To determine if the maintenance effectiveness and tolerability of aripiprazole demonstrated in a 12-week study were maintained in an extension phase (up to 26 weeks).

Methods

This study was the extension of our switching study from other antipsychotics to aripiprazole in symptomatically stable patients with schizophrenia or schizoaffective disorder. All the patients were randomly assigned to the aripiprazole group or the non-aripiprazole group. The effectiveness analysis consisted of the comparison of the upper bound of the 95% confidence interval (CI) of the mean Clinical Global Impression-Improvement (CGI-I) score to 4 (no change) at the end of the study.

Results

At the baseline, the aripiprazole group (n=135) and the non-aripiprazole group (n=31) were comparable with respect to their mean ages, gender distribution, baseline Positive and Negative Syndrome Scale scores, and Clinical Global Impression-Severity (CGI-S) scores. The study showed that the mean CGI-I score was 2.92 (95% CI: 2.72-3.12) in the aripiprazole group and 2.81 (95% CI: 2.35-3.26) in the non-aripiprazole group at 26 weeks. In the aripiprazole group, the remission rates at 12 and 26 weeks were 74.8% and 72.6%, respectively, and 80.2% of the patients with remission at 12 weeks maintained their remission state until the end of the study. About one-fourth of the patients in the aripiprazole group reported one or more spontaneous treatment-emergent adverse events, such as insomnia, headache, and nausea.

Conclusion

This study suggested that most clinically stable outpatients with schizophrenia maintain their remission states after being switched to aripiprazole, without serious symptom aggravation and adverse events over a course of 26 weeks.

INTRODUCTION

Aripiprazole, an atypical antipsychotic, is known to be effective for the maintenance treatment as well as acute treatments of schizophrenia.
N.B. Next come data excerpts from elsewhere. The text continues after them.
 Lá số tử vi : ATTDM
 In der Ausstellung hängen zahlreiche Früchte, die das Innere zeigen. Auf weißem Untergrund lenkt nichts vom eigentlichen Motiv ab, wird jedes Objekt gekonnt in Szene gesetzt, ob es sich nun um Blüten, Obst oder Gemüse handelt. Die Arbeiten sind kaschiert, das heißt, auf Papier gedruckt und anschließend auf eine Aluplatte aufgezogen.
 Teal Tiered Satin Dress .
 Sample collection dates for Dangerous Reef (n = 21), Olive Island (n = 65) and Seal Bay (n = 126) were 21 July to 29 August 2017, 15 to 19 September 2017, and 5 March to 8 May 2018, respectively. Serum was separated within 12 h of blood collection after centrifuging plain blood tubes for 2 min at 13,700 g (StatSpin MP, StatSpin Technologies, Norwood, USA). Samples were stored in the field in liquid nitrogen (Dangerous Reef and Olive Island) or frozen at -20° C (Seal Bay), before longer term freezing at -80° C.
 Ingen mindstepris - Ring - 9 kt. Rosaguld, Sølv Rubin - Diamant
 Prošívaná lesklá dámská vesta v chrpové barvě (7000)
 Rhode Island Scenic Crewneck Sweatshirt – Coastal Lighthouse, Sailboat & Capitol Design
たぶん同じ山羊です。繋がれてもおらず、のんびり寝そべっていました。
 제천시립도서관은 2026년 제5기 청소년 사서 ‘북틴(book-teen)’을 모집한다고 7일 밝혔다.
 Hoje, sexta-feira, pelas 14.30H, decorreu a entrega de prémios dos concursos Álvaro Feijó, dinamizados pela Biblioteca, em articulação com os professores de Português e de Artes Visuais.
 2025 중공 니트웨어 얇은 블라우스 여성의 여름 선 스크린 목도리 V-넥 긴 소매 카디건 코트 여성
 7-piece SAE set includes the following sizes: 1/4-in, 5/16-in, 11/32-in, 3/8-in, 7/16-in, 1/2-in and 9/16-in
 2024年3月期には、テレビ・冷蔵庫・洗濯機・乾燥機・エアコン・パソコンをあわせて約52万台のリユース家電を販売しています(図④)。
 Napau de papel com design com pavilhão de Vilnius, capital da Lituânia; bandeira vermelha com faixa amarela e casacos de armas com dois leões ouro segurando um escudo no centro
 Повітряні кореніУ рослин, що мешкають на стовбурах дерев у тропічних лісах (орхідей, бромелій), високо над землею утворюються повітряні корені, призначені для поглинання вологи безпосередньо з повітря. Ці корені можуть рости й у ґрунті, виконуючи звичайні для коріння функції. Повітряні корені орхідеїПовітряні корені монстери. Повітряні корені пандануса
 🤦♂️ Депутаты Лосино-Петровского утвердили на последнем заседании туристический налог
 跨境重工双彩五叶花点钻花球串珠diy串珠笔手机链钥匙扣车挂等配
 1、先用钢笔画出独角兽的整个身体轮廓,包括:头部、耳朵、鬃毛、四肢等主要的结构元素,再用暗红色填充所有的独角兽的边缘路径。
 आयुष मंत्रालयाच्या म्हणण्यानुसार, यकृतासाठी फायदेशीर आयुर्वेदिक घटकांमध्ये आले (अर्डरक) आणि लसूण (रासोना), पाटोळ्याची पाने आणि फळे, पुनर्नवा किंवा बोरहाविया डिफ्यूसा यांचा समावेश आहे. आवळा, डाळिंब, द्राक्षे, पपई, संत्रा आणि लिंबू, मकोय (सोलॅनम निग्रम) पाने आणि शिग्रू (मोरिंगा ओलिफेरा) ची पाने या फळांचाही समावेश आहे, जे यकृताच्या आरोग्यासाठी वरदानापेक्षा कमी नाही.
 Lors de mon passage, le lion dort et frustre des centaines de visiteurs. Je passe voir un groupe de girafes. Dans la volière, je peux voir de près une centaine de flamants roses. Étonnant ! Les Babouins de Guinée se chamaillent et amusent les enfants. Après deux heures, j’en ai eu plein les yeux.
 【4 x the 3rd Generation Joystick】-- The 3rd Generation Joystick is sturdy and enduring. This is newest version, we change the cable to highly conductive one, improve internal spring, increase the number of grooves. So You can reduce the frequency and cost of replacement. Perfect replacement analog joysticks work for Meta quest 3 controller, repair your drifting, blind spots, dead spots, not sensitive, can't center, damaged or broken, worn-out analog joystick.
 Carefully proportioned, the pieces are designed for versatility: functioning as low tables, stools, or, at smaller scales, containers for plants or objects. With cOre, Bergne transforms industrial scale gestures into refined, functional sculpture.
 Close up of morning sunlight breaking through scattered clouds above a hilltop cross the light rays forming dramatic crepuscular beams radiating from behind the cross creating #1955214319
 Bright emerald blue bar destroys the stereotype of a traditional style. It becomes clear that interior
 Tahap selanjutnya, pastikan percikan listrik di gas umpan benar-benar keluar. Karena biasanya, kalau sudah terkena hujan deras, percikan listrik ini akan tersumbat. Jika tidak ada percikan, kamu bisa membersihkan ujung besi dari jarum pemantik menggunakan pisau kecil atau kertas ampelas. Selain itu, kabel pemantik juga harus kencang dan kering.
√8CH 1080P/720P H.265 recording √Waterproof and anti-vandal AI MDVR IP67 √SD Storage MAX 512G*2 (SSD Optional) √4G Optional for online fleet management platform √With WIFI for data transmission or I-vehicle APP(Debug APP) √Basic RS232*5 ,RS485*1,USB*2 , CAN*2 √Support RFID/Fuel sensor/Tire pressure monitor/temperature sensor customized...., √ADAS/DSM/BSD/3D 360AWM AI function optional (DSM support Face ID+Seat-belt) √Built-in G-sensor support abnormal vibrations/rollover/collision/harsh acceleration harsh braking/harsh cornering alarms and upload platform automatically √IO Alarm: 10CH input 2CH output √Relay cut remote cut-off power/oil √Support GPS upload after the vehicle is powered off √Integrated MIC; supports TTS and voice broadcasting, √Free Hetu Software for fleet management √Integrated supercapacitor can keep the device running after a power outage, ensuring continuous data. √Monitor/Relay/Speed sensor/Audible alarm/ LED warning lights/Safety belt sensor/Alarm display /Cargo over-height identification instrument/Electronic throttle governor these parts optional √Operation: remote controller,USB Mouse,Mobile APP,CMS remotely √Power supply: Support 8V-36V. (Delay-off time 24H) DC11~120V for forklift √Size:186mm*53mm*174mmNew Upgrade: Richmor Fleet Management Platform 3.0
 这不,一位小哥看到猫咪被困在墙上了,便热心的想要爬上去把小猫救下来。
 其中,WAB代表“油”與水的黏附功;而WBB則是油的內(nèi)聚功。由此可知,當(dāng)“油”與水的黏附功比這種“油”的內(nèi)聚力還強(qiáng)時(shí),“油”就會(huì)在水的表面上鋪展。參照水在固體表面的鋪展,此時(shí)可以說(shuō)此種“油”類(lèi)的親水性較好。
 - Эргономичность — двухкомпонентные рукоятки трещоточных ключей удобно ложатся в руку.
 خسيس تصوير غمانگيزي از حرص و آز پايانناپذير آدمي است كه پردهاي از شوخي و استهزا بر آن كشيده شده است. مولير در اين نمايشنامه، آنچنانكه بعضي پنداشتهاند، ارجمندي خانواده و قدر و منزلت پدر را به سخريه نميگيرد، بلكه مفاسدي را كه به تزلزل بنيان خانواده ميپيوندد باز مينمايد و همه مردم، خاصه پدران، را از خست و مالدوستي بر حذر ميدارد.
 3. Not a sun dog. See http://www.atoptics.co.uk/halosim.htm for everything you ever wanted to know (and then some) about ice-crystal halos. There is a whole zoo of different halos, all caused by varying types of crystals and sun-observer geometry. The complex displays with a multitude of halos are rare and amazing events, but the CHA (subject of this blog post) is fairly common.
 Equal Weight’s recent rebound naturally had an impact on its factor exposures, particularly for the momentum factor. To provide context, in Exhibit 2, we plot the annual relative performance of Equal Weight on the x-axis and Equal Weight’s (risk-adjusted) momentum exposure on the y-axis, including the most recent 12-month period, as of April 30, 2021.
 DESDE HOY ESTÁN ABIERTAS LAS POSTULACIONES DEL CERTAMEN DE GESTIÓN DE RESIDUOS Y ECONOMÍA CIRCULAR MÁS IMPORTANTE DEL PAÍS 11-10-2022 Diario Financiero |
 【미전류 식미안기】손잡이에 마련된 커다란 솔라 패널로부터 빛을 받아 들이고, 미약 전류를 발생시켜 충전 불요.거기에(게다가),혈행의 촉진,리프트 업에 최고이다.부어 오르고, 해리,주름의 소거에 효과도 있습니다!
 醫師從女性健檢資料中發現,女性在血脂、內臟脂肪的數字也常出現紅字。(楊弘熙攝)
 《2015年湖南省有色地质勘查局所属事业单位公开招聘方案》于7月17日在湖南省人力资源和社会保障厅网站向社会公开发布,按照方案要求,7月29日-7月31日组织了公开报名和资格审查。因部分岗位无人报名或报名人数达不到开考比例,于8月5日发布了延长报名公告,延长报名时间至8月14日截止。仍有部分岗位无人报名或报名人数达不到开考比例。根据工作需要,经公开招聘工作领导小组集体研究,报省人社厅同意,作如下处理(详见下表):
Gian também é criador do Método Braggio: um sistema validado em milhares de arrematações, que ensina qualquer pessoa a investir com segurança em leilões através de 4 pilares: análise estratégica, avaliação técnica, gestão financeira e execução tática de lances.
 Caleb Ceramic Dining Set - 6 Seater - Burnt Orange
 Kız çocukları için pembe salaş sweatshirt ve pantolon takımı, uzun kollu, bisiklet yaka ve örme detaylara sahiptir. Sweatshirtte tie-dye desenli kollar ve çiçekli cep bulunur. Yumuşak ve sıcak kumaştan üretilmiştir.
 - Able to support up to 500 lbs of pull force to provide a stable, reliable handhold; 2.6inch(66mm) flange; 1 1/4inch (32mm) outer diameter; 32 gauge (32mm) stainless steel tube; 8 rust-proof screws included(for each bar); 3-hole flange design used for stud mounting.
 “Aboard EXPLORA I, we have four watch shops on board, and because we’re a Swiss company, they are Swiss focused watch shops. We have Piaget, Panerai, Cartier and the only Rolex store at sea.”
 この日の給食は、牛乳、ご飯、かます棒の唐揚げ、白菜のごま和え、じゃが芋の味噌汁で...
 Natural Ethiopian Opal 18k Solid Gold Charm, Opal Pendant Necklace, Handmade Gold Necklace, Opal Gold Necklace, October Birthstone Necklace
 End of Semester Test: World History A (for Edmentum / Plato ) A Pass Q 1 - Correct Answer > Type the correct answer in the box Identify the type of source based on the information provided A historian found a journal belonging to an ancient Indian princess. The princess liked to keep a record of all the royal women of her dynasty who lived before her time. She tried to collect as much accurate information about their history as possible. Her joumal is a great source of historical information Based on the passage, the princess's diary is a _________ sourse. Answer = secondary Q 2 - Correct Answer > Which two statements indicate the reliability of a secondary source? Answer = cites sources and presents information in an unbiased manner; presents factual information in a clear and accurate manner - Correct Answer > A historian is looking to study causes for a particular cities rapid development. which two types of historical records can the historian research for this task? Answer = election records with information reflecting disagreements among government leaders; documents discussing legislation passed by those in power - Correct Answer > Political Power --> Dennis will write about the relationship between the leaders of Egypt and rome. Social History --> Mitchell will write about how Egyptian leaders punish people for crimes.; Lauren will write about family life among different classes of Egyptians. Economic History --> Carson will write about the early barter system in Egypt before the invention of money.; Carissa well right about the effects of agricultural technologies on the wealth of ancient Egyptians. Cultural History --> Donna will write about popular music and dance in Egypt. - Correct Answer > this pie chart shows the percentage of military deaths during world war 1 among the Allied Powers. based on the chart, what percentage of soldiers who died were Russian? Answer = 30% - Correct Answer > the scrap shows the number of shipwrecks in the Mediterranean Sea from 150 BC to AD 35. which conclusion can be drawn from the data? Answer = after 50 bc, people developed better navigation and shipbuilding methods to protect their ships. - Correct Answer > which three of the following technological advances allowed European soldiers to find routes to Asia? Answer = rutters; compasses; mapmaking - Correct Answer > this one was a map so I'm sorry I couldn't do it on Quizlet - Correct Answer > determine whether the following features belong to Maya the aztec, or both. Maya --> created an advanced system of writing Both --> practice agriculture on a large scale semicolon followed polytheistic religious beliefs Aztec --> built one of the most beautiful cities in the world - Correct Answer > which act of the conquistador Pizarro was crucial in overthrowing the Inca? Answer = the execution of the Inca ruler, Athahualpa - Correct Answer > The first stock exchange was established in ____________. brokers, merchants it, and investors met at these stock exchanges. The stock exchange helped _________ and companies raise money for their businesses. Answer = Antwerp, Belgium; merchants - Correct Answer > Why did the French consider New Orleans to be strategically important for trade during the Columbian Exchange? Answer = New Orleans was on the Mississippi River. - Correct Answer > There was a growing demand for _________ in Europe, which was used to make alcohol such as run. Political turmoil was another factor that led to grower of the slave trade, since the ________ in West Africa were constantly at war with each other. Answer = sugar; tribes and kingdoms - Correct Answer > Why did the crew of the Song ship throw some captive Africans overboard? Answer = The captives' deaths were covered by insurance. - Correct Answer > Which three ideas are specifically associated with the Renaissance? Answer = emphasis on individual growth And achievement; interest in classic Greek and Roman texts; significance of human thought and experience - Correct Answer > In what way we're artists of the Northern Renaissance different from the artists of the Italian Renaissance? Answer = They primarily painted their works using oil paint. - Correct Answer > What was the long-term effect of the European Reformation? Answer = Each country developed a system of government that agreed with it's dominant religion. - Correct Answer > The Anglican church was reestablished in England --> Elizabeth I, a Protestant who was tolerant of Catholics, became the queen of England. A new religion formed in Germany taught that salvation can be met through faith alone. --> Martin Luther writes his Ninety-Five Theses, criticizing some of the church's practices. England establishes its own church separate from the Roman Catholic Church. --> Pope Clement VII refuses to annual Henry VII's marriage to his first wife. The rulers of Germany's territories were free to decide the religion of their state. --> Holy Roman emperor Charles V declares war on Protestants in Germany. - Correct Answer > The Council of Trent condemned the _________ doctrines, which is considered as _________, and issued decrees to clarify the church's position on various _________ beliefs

Aripiprazole has been demonstrated to be safe and efficacious in previous studies, including short-term studies,1,2 a 26-week placebo-controlled clinical trial,3 and a long-term, 52-week, haloperidol-controlled study.4 According to the results of a 52-week, open-label extension to a 26-week, double-blind, randomized, placebo-controlled study in patients with schizophrenia, aripiprazole showed a similar efficacy to olanzapine for the long-term treatment of acutely psychotic and chronic, stable schizophrenia patients.5
Aripiprazole has also been demonstrated to have a relatively low rate of extrapyramidal symptoms (EPSs) and a low propensity for weight gain and prolactin-related adverse events.1,4-8 These study findings suggest that aripiprazole may be an appropriate drug for the maintenance treatment of schizophrenia.
One of methods to investigate the maintenance efficacy of antipsychotics is to examine the changes in the symptoms or adverse events after switching from one antipsychotic to another in patients with stable symptoms. To investigate the maintenance effectiveness of aripiprazole, we conducted a prospective, non-comparative, open-label study switching from a previous antipsychotic agent to aripiprazole in schizophrenic Korean patients who were symptomatically stable. The early 12-week results of the study demonstrated that majority of the patients were successfully switched from their previous antipsychotics to aripiprazole without serious symptom exacerbation or adverse events over a course of 12 weeks.9
The aims of this paper were to evaluate whether the previously published results of a 12-week study on the maintenance effectiveness and tolerability of aripiprazole would be maintained up to 26 weeks in the patients who consented to participate in a 12-week extension study.

METHODS

Study design

The design of this study was similar to those of the Broad Effectiveness Trial with Aripiprazole (BETA) and EU-BETA studies,10,11 except that the study duration was 26 weeks rather than 8 weeks.
This randomized, open-label, multicenter, 26-week study was designed to evaluate the maintenance efficacy and tolerability of aripiprazole when symptomatically stable patients with schizophrenia or schizoaffective disorder were switched from their previous prescribed oral antipsychotics to aripiprazole. The trial was conducted at 26 centers throughout Korea.

Subjects

The subjects who met all the following criteria were eligible for this study: 1) age: ≥18 years and ≤65 years; 2) diagnosis of schizophrenia or schizoaffective disorder (Diagnostic and Statistical Manual of Mental Disorders, Fourth Edition, DSM-IV criteria) requiring long-term antipsychotic treatment; 3) symptomatically stable on a constant dose of antipsychotics for at least one month; and 4) non-admission to a hospital for at least three months prior to the study. The subjects were excluded from this study if they: 1) were undergoing their first treatment with an antipsychotic agent; 2) had taken clozapine during the last three months; 3) had unstable medical conditions; 4) had a history of tardive dyskinesia or neuroleptic malignant syndrome; or 5) were pregnant or breastfeeding.
All the patients who were assigned to the aripiprazole group were prescribed a starting dose of 10 mg, with gradual dose adjustment allowed within a range of 10-30 mg/day at the discretion of the investigator's judgment during the 26-week trial. The patients who were randomized to the non-aripiprazole group were treated with medications that they had not received in their prior treatment, in accordance with the generally accepted clinical practice. The patients were gradually discontinued from their previous antipsychotic medication during the first two weeks after randomization.
Of the 292 randomized patients, 186 (63.7%) completed the previous 12-week trial (Fig. 1). At 12 weeks (baseline of the extension study), a written informed consent was again obtained from the patients who agreed to participate in the extension study. Of the 186 patients completing the 12-week treatment phase, 166 agreed to enroll to long-term extension study. This 14-week extension study was approved by respective institutional review boards.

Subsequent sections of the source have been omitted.